- **Task details**: All lines from the one that has "september) - reportage" onward to the end of the records below are to be returned exactly; pictures are to be skipped.

Stored data section start

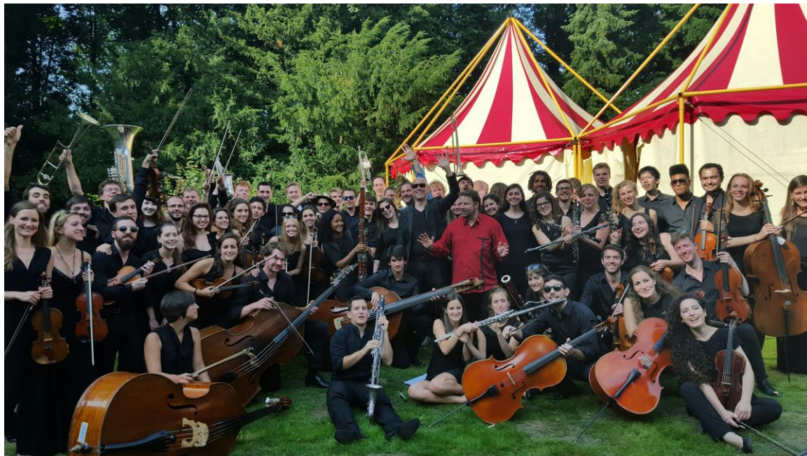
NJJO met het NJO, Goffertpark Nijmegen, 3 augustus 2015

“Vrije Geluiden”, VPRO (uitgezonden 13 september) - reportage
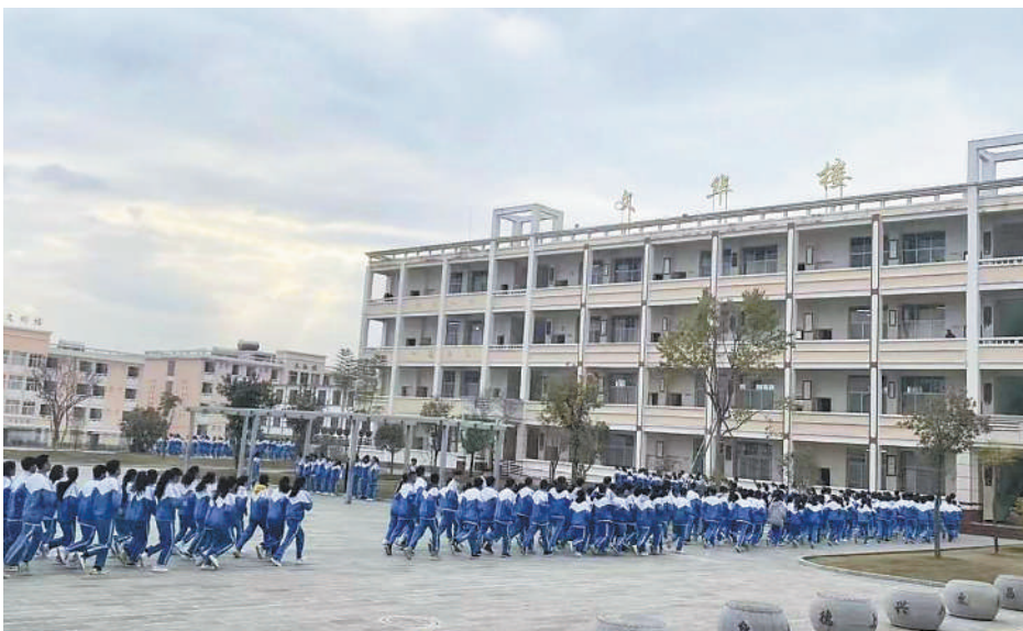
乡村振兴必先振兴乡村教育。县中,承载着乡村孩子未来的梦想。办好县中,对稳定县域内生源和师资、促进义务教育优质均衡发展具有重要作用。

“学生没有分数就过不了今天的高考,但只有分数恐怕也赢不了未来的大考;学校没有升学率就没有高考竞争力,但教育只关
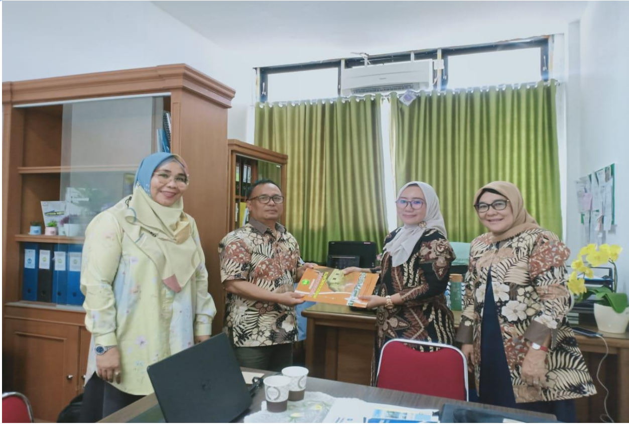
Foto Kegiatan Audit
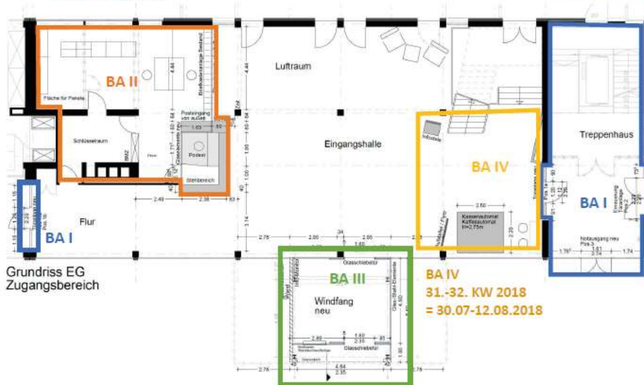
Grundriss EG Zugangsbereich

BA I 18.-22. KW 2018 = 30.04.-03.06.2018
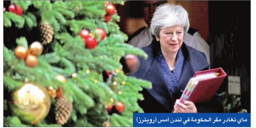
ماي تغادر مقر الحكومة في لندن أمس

Stored data section end

- **Solved problem**:
“Vrije Geluiden”, VPRO (uitgezonden 13 september) - reportage
乡村振兴必先振兴乡村教育。县中,承载着乡村孩子未来的梦想。办好县中,对稳定县域内生源和师资、促进义务教育优质均衡发展具有重要作用。

“学生没有分数就过不了今天的高考,但只有分数恐怕也赢不了未来的大考;学校没有升学率就没有高考竞争力,但教育只关
Foto Kegiatan Audit
Grundriss EG Zugangsbereich

BA I 18.-22. KW 2018 = 30.04.-03.06.2018
ماي تغادر مقر الحكومة في لندن أمس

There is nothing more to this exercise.